Why Project Phasor - 5 Reasons
Google docs version of this post: link
Spoiler: it’s not just about inviting AMD!
Project Phasor’s goal is to accelerate progress in neuromorphic research and engineering, especially where it intersects with NeuroAI, and to remove friction for everyone.
Project Phasor proposes 5 collaborative efforts. We outline the motivation for each one here.
Why a Joint Research Fund
A larger fund will attract the best researchers and a more diverse set of topics.
A joint fund would make it easier for more funding sources to participate.
Recently, public and private grants appear to be lacking for algorithmic research in this space, despite the amazing progress.
With some estimating overall public budget cuts could reach $2T/y in some locales, the private sector will need to pick up the slack using the resulting tax savings. Infrastructure like joint funds to handle the transition will need to be there in advance to avoid a devastating funding gap.
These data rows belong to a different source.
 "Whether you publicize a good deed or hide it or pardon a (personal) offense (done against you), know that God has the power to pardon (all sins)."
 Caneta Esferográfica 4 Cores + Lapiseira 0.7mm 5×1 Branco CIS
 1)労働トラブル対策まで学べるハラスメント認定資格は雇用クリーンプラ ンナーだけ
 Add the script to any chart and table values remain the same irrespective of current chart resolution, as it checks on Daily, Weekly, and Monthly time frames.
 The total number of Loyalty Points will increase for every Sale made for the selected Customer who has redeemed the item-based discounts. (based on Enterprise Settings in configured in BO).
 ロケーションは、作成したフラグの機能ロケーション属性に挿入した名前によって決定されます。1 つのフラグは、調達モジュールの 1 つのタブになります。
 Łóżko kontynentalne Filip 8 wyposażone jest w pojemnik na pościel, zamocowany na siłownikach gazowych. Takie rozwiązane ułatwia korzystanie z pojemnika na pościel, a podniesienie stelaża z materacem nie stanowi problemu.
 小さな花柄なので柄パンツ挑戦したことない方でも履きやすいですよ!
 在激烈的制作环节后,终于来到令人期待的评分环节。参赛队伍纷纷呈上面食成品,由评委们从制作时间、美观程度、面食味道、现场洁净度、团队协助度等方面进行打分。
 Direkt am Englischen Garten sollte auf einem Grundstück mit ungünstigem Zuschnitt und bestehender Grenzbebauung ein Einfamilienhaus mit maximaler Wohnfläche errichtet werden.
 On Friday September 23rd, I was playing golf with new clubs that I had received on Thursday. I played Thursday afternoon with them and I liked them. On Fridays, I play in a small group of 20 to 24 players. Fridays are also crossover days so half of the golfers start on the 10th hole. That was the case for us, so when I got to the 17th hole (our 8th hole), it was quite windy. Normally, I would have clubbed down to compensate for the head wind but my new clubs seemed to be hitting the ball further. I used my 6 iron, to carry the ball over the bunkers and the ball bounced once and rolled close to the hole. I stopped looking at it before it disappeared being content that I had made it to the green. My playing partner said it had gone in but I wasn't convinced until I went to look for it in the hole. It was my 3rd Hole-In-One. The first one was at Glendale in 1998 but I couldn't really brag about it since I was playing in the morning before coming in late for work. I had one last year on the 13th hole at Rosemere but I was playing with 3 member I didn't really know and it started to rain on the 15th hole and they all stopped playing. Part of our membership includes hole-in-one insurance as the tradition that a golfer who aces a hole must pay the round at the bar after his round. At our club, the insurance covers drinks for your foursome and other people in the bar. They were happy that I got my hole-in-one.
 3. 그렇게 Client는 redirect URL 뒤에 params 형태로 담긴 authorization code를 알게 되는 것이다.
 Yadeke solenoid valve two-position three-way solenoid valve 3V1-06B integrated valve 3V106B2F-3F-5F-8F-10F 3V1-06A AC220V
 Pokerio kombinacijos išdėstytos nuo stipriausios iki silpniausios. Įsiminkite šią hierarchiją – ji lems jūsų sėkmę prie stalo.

Why a Shared Neuromorphic Compiler Framework
I’ve seen so many accelerators that look great on paper but fail miserably when it comes time to write the compiler. Jonathan Ross and Groq had it right when they took a compiler-first approach. We should learn from both the failures and successes here.
NVIDIA has thousands of engineers improving their compiler for long tail applications. Even if a neuromorphic startup gets the core of their compiler right, there is a huge long tail that we could tackle better together.
I’ve heard many neuromorphic efforts have had issues getting a compiler working well. I suspect this resonates with more of you than are willing to admit! Pooling efforts will also allow us to tackle important but often deprioritized goals like performance, security, and test coverage.
If we can get a basic compiler written in a performant language like C++, I suspect Intel will adopt and contribute to the shared framework and make the difficult but inevitable decision to abandon its current compiler written in Python.
Why Neuromorphic Virtual Machines
To make neuromorphic architecture search accessible even to high-level algorithms researchers.
To ensure power estimates of an architecture search account for memory access and communication - not just compute.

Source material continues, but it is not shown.